The Japanese Strategy of Continuous Improvement
What is Kaizen?
Kaizen means "improvement". Kaizen strategy calls for never-ending efforts for improvement involving everyone in the organization – managers and workers alike.
Kaizen and Management
Management has two major components:
1. Maintenance, and
2. Improvement.
The objective of the maintenance function is to maintain current technological, managerial, and operating standards. The improvement function is aimed at improving current standards.
Under the maintenance function, the management must first establish policies, rules, directives and standard operating procedures (SOPs) and then work towards ensuring that everybody follows SOP. The latter is achieved through a combination of discipline and human resource development measures.

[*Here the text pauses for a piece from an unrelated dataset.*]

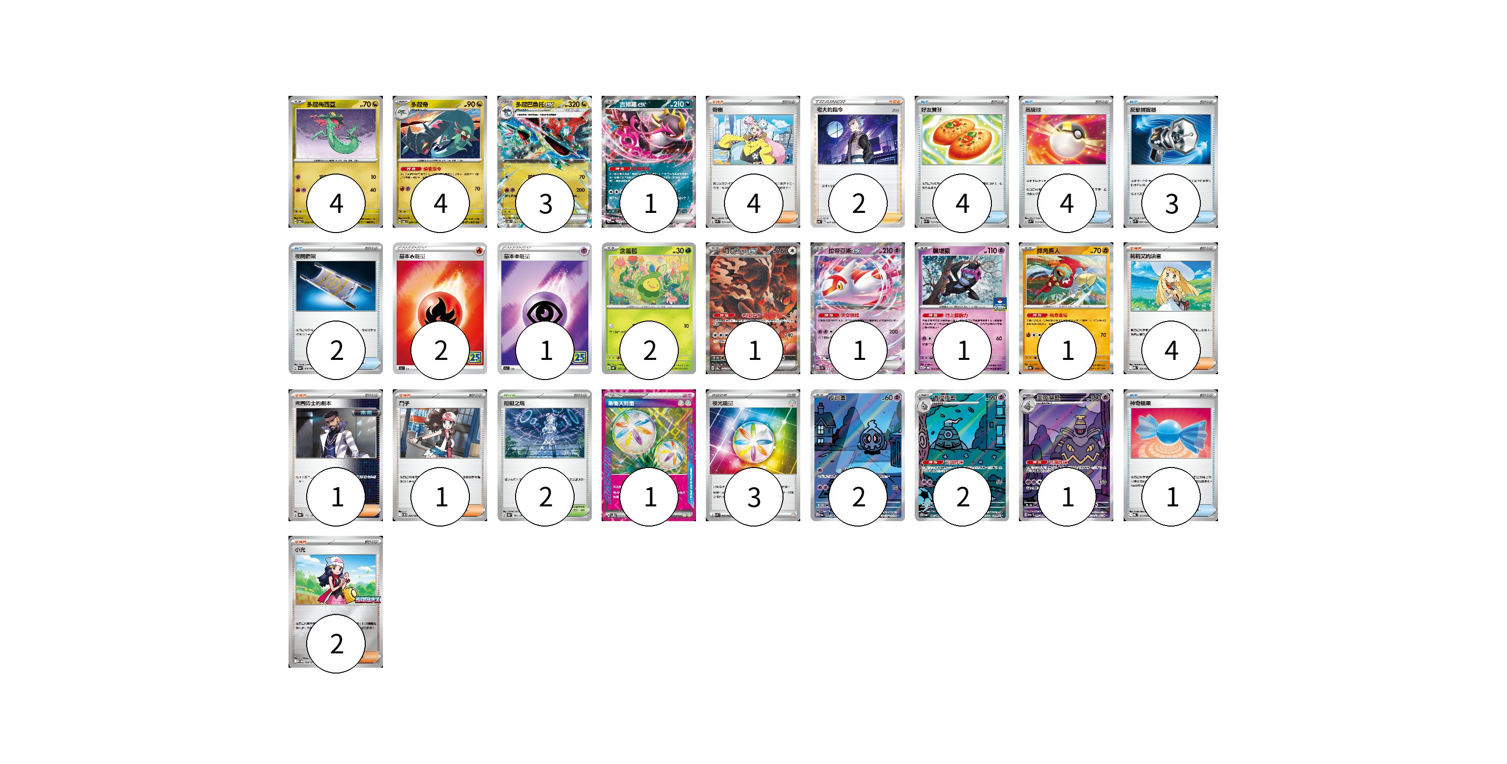 牌組構築方案 以此牌組為基礎新構築牌組 顯示卡面 顯示列表 寶可夢卡(23) 4 4 3 1 2 1 1 1 1 2 2 1 物品卡(14) 4 4 3 2 1 支援者卡(14) 4 2 4 1 1 2 競技場卡(2) 2 能量卡(7) 2 1 1 3 寶可夢卡(23) 卡牌名稱 張數 卡牌名稱 張數 多龍梅西亞 SV6 079/101 04 多龍奇 SV6 080/101 04 多龍巴魯托ex SV6 081/101 03 吉雉雞ex SV6a 038/064 01 含羞苞 SV8a 001/187 02 月月熊 赫月ex SV8a 225/187 01 拉帝亞斯ex SV7a 019/064 01 願增猿 M-P 014/M-P 01 摔角鷹人 SV8a 084/187 01 夜巡靈 SV6a 068/064 02 彷徨夜靈 SV6a 069/064 02 黑夜魔靈 SV6a 070/064 01 物品卡(14) 卡牌名稱 張數 卡牌名稱 張數 好友寶芬 SVK 015/042 04 高級球 SVK 018/042 04 反擊捕捉器 SVK 009/042 03 夜間擔架 SV6a 056/064 02 神奇糖果 MBG 013/022 01 支援者卡(14) 卡牌名稱 張數 卡牌名稱 張數 奇樹 SVK 031/042 04 老大的指令(赤日) SVB 024/028 02 莉莉艾的決意 MBD 021/022 04 弗圖博士的劇本 SV8a 175/187 01 鬥子 SV11W 085/086 01 小光 M-P 028/M-P 02 競技場卡(2) 卡牌名稱 張數 卡牌名稱 張數 阻礙之塔 SV8a 181/187 02 能量卡(7) 卡牌名稱 張數 卡牌名稱 張數 基本火能量 S8a FIR 02 基本超能量 S8a PSY 01 新衝天能量 SV5K 071/071 01 夜光能量 SVK 042/042 03 以此牌組為基礎新構築牌組 牌組編碼 VpZQgb-AfrkFT-snuEyk copy 列印牌組單 牌組編碼已複製 分享至SNS

Under the improvement function, management works continuously towards revising the current standards, once they have been mastered, and establishing higher ones. Improvement can be broken down between innovation and Kaizen. Innovation involves a drastic improvement in the existing process and requires large investments. Kaizen signifies small improvements as a result of coordinated continuous efforts by all employees.
Process-Oriented Thinking vs. Result-Oriented Thinking
Kaizen concentrates at improving the process rather than at achieving certain results. Such managerial attitudes and process thinking make a major difference in how an organization masters change and achieves improvements.
Case in Point: Kaizen Time at Canon
In some Canon plants, the foremen are told to set aside the half-hour as Kaizen time – time to do nothing but thinking improvement in the workshop. The foremen use this period to identify problems and work on Kaizen programs. Factories are advised not to hold meetings during this 30-minute period, and foremen should not even answer the telephone then.